Invest in high quality hosting to prevent this
issue.
URLs,
Title Tags & Meta Data
URLs, title tags and meta tag components are all
information that describe your site and page to
visitors and search engines. Keeping them relevant,
compelling and accurate are key to ranking well. You
can also use these areas as launching points for your
keywords, and indeed, successful rankings require
their use.
The URL of a document should ideally be as
descriptive and brief as possible. If, for example,
your site's structure has several levels of files and
navigation, the URL should reflect this with folders
and subfolders. Individual pages' URLs should also be
descriptive without being overly lengthy, so that a
visitor who sees only the URL could have a good idea
of what to expect on the page. Several examples
follow:
Comparison of URLs for a Canon Powershot
SD400 Camera
Amazon.com - http://www.amazon.com/gp/product/B0007TJ5OG/102-8372974-
4064145?v=glance&n=502394&m=ATVPDKIKX0DER&n=3031001&s=photo&v=glance
Canon.com - http://consumer.usa.canon.com/ir/controller?
act=ModelDetailAct&fcategoryid=145&modelid=11158
DPReview.com - http://www.dpreview.com/reviews/canonsd400/
With both Canon and Amazon, a user has virtually
no idea what the URL might point to. With DPReview's
logical URL, however, it is easy to surmise that a
review of a Canon SD400 is the likely topic of the
page.
In addition to the issues of brevity and clarity,
it's also important to keep URLs limited to as few
dynamic parameters as possible. A dynamic parameter is
a part of the URL that provides data to a database so
the proper records can be retrieved, i.e. n=3031001,
v=glance, categoryid=145, etc.
Note that in both Amazon and Canon's URLs, the
dynamic parameters number 3 or more. In an ideal site,
there should never be more than two. Search engineer
representatives have confirmed on numerous occasions
that URLs with more than 2 dynamic parameters may not
be spidered unless they are perceived as significantly
important (i.e. have many, many links pointing to
them).
Well written URLs have the additional benefit of
serving as their own anchor text when copied and
pasted as links in forums, blogs, or other online
venues. In the DPReview example, a search engine might
see the URL http://www.dpreview.com/reviews/canonsd400/
and give ranking credit to the page for terms in the
URL like dpreview, reviews, canon, sd, 400. The
parsing and breaking of terms is subject to the search
engine's analysis, but the chance of earning this
additional credit makes writing friendly, usable URLs
even more worthwhile.
Title tags, in addition to their invaluable use in
targeting keyword terms for rankings, also help drive
click-through-rates (CTRs) from the results pages.

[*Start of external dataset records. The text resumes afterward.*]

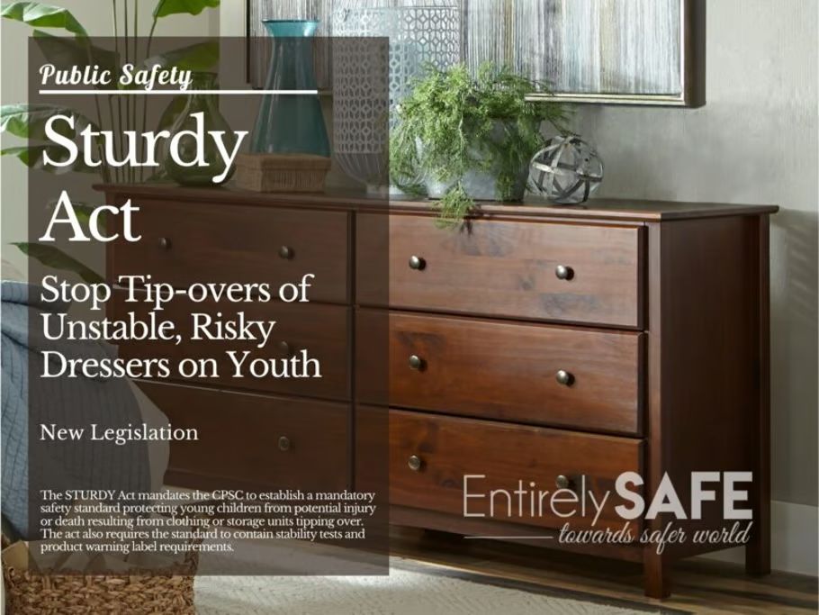 The STURDY Act, which is an acronym for “Stop Tip-overs of Unstable, Risky Dressers on Youth”, was signed into law to require the CPSC to establish a mandatory safety standard to protect young children from injurious or fatal circumstances related to clothing storage units tipping over due to their potential instability.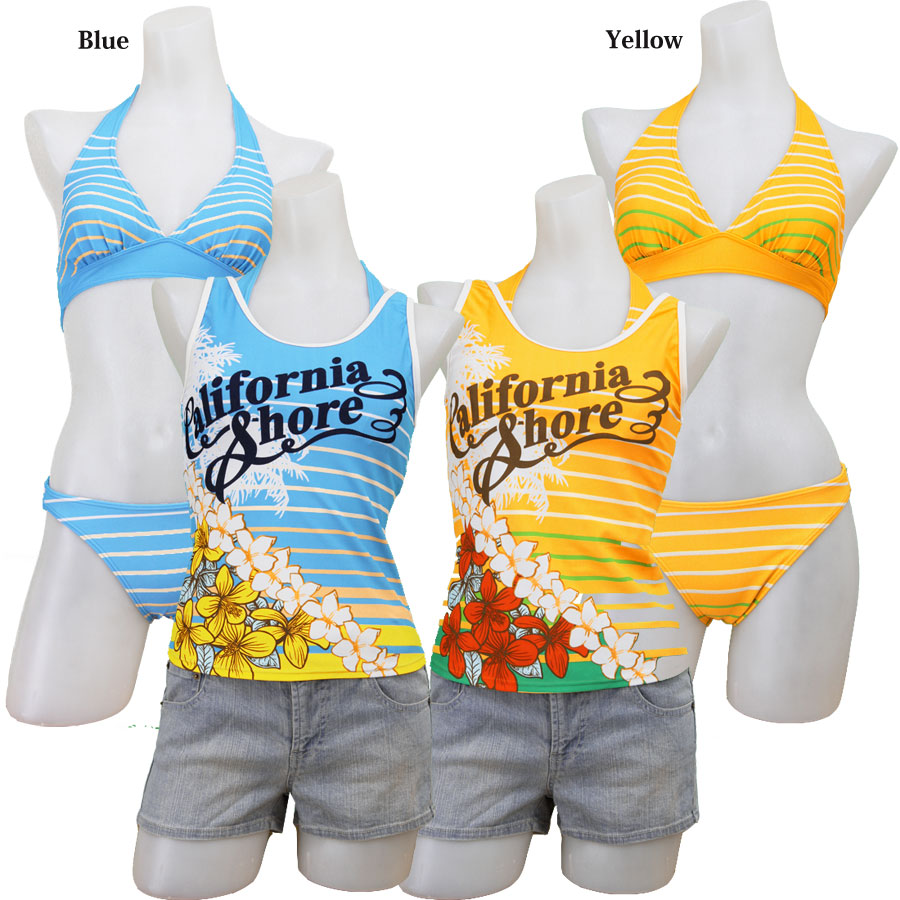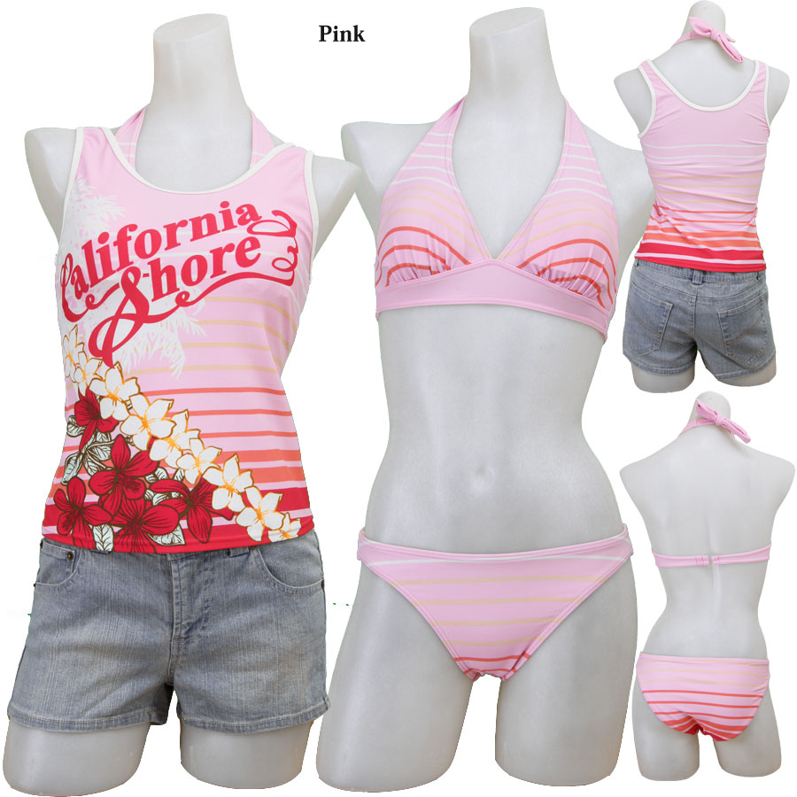 水着 体型カバー タンキニ レディース 水着 新作 ピンク ブルー イエロー 7号S 7S 9号M 9M 11号L 11L 13号L 13L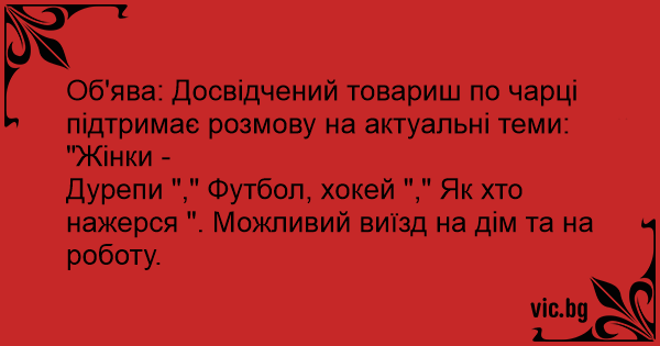 Об'ява: Досвідчений товариш по чарці підтримає розмову на актуальні теми: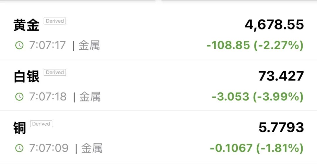 贵金属方面,现货黄金、现货白银开盘跳水。截至发稿,现货黄金跌2.27%,报4678.55美元/盎司。现货白银跌近4%报73.427美元/盎司。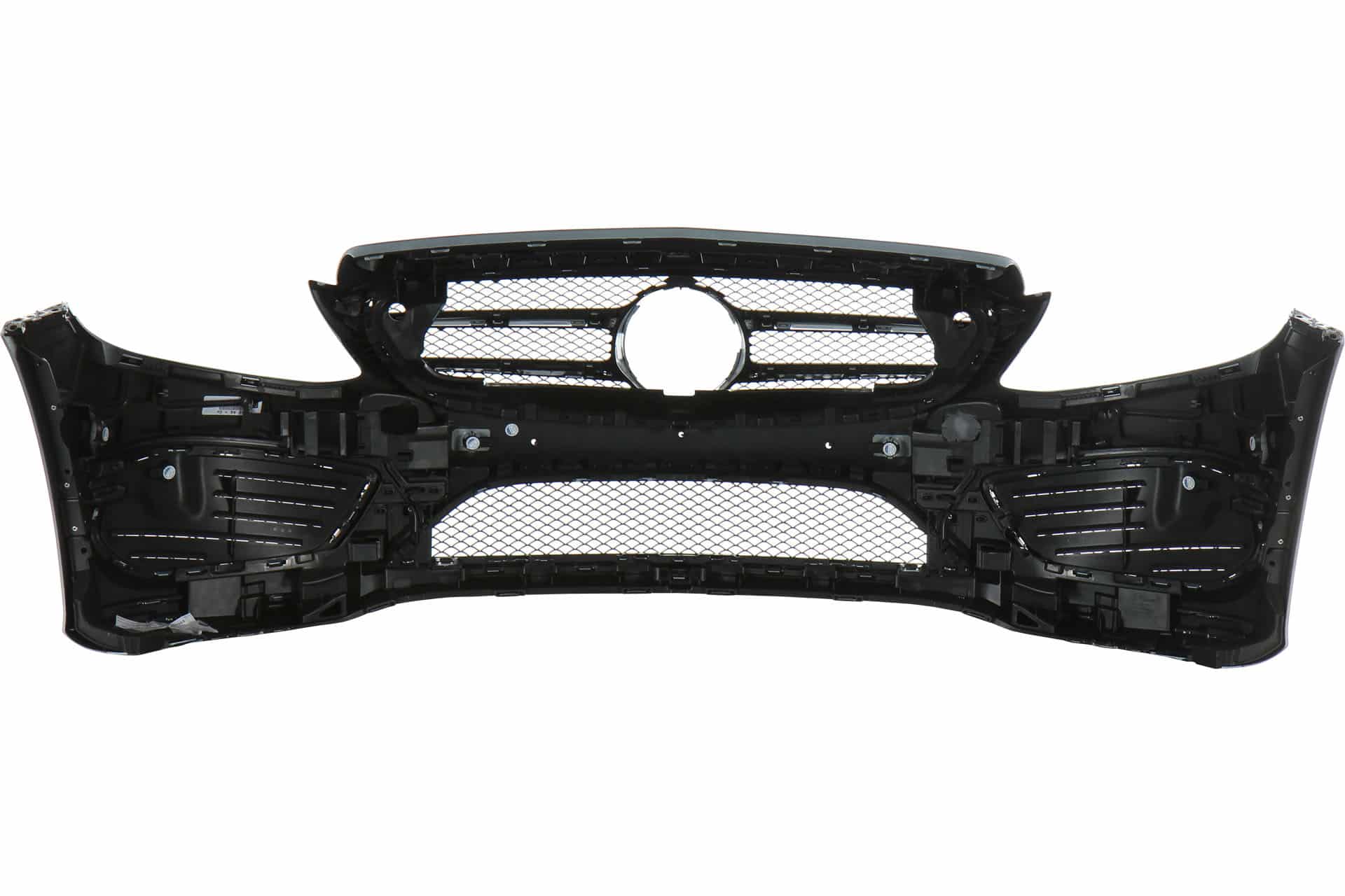 Oryginalna część Mercedes-Benz, . Zderzak z otworami na tablicę rejestracyjną zgodnymi z normą ECE. Mogą występować również dodatkowe otwory pod inne warianty – po montażu zakrywane ramką ECE.

Most of the search engines will use a page's title tag
as the blue link text and headline for a result (see
image below), and thus it is important to make them
informative and compelling without being overly "salesy".
The best title tags will make the targeted keywords
prominent, help brand the site, and be as clear and
concise as possible.
Examples and Recommendations for Title
Tags
Page on Red Pandas from the Wellington
Zoo:
- Current Title: Red Panda
- Recommended: Red Panda - Habitat, Features,
Behavior | Wellington Zoo
Page on Alexander Calder from the
Calder Foundation:
- Current Title: Alexander Calder
- Recommended: Alexander Calder - Biography of the
Artist from the Calder Foundation
Page on Plasma TVs from Tiger
Direct:
- Current Title: Plasma Televisions, Plasma TV,
Plasma Screen TVs, SONY Plasma TV, LCD TV at
TigerDirect.com
- Recommended: Plasma Screen & LCD Televisions
at TigerDirect.com
For each of these, the idea behind the
recommendations is to distill the information into the
clearest, most useful snippet while retaining the
primary keyword phrase as the first words in the tag.
The title tag provides the first impression of a web
page and can either serve to draw the visitor in or
compel him or her to choose another listing in the
results.
Meta Tag Recommendations:
Meta
tags once held the distinction of being the primary
realm of SEO specialists. Today, the use of meta tags,
particularly the meta keywords tag, has diminished to
an extent that search engines no longer use them in
their ranking of pages. However, the meta description
tag can still be of some importance, as several search
engines use this tag to display the snippet of text
below the clickable title link in the results pages.
In the image to the left, an illustration of a
Google SERP (Search Engine Results Page) shows the use
of the meta description and title tags. It is on this
page that searchers generally make their decision as
to which result to click, and thus, while the meta
description tag may have little to no impact on where
a page ranks, it can significantly impact the # of
visitors the page receives from search engine traffic.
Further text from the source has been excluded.